Synopsis: Union Budget 2026 focusses on development of tier-2, tier-3 cities, and temple towns through infrastructure development, connectivity and upgrade in basic amenities through allocation of ₹5000 crore for each City Economic Region (CER).
The real estate in India has long been based on its metros such as Mumbai and Delhi but the Budget 2026 changes it to the Tier-2/3 cities and temple towns through a Rs 5,000 crore per City Economic Region (CER) in five years.
Budget’s Core Proposal
Each CER has been allocated Rs 5,000 crore in the Budget and it is aimed to reach Tier-2 and Tier-3 cities and temple towns. Grants are provided under a system of fund release in the form of a challenge mode, whereby states and urban local governments are required to compete and fulfill stringent eligibility requirements in order to obtain it.
The main criteria and characteristics are
- Selection by challenge mode: Cities have to present detailed proposals on how they can economically prosper in such areas as manufacturing, logistics, tourism, or education; after evaluation only certain CERs can get funding.

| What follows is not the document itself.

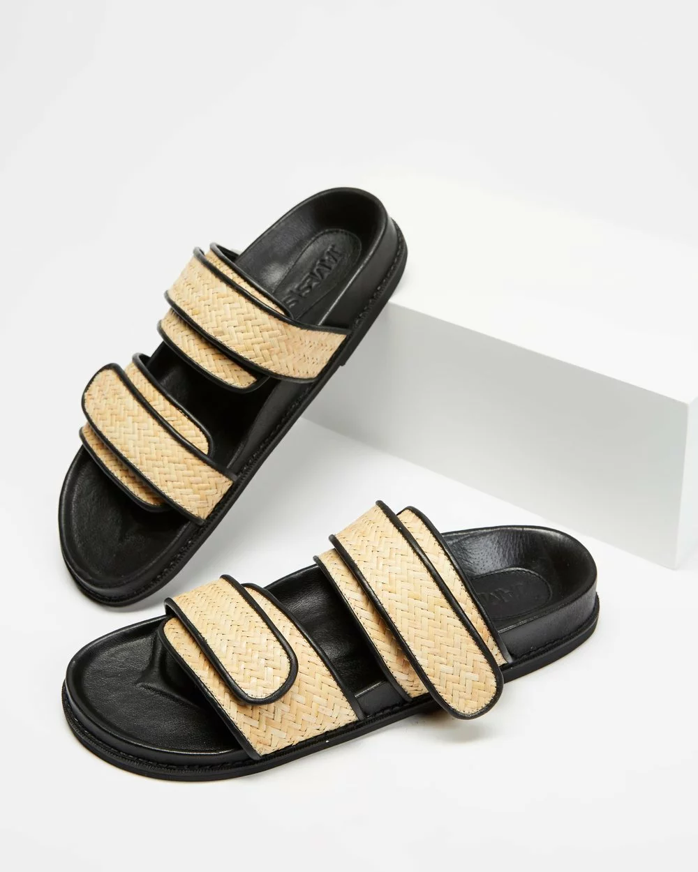 Crafted from supple leather and rattan, the Izano Slides from JAMES l SMITH are perfect for the modern minimalist.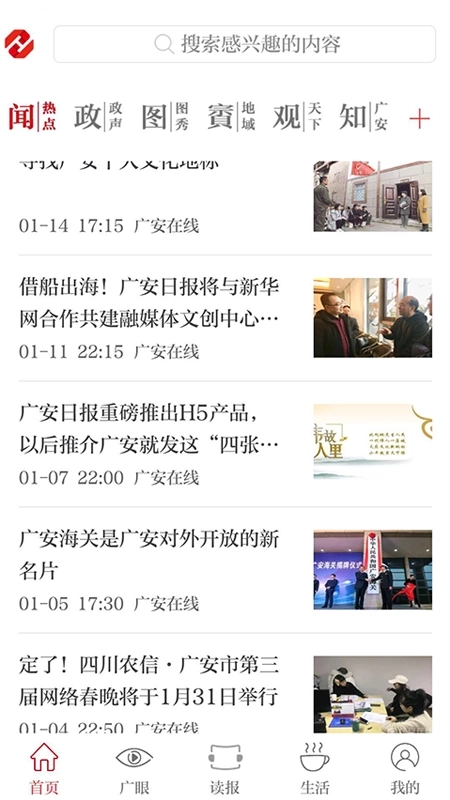天下广安移动客户端由广安日报社精心打造推出,整合了社交互动、新闻资讯、生活服务等丰富功能模块。平台实现每期内容线上线下同步更新,用户无需出门购买纸质报纸,即可随时随地快速获取最新一期的报刊资讯;遇到生活难题时,还能通过平台进行爆料投诉,助力解决实际问题,让广安市民的生活更加便捷美好。该客户端始终致力于为用户构建便捷的生活空间,提供贴心周到的本地生活服务体验。

- Reform-cum-results-based disbursements: The releases are in tranches that are linked to achievements, including 25 percent of infrastructure projects (roads, public transport, water, sanitation) to receive the next installment.
- Performance accountability: City authorities demonstrate governance reforms such as property tax collection quality or project implementation efficiency to unlock all Rs 5,000 crore in five years.
- Alignment with local growth drivers: CERs need to be aligned with the local growth drivers to promote job clusters and urban agglomerations.
Describing cities as engines of growth, Finance Minister Sitharaman explained that such criteria would make sure that funds spurred quantifiable development in the non-metro areas.
Spurring Real Estate Demand
Improved infrastructure will trigger demand in real estate development in these areas; housing, retail, hospitality, and commercial real estate. Enhanced accessibility through roads, rail and utility makes consumers escape the congestion and prohibitive prices in the metro.
Demand drivers by sector
- Housing: There will be an influx in the affordable homes and rentals around the industrial areas, premium residences in the temple towns such as Varanasi or Madurai will increase the number of families and professionals who will be attracted therein.
- Retail: The local consumption in the emerging urban pockets will increase, and this will be fueled by the presence of tourism and increased incomes in the city, thereby improving the malls and shopping centers.
- Hospitality: Hotels and guesthouses will increase to include pilgrims and business travelers and this will be enabled by the enhanced access routes.
- Commercial: There will be an increase in the number of office parks and warehouses along commercial logistic routes due to manufacturing and service sector expansion.
| Sector | Expected Boost | Key Infrastructure Enablers |
| Housing | Mid-segment and worker units | Roads, transit, utilities |
| Retail | High-street and malls | Connectivity, tourism influx |
| Hospitality | Budget to luxury stays | Airport/rail links |
| Commercial | Offices, logistics hubs | Industrial freight corridors |
According to Pradeep Aggarwal of Signature Global, this contributes to planned urbanisation whereas Gurpal Singh Chawla of TREVOC predicts slow but consistent demand upsurges.
Homebuyers and Developers Attraction
The tier-2/3 properties that are 30-50% cheaper than metros will attract buyers with high quality services such as clean water supply and green areas. The advantage of developers is the reduced cost of lands, guaranteed financing, and the possibilities of scales.
Attraction factors:
- To homebuyers: cheaper prices would be added to job closeness and short commute distance, attractive to millennials and remote workers.
- To the developers: Reform-linked funds reduce risks; integrated townships and mixed-use projects could be provided by the abundant amount of land.
- Professional recommendations Niranjan Hiranandani of Naredco is terming CERs unified ecosystems of transit-oriented growth; Manik Malik of BPTP pictures orderly urban growth.
The risks associated with execution such as delays remain, but milestone-based criteria will maintain momentum.
Conclusion
The Rs 5,000 crore CER strategy has the potential of reorganizing the real estate in India as it enables the Tier-2, Tier-3 cities and temple towns to become pulsars. It attracts home owners and property developers with better infrastructure that would relieve the congested metro networks and create prosperity inclusion. Provided that the states address challenge-mode requirements and reforms, this initiative could open billions of investments, transform urban India.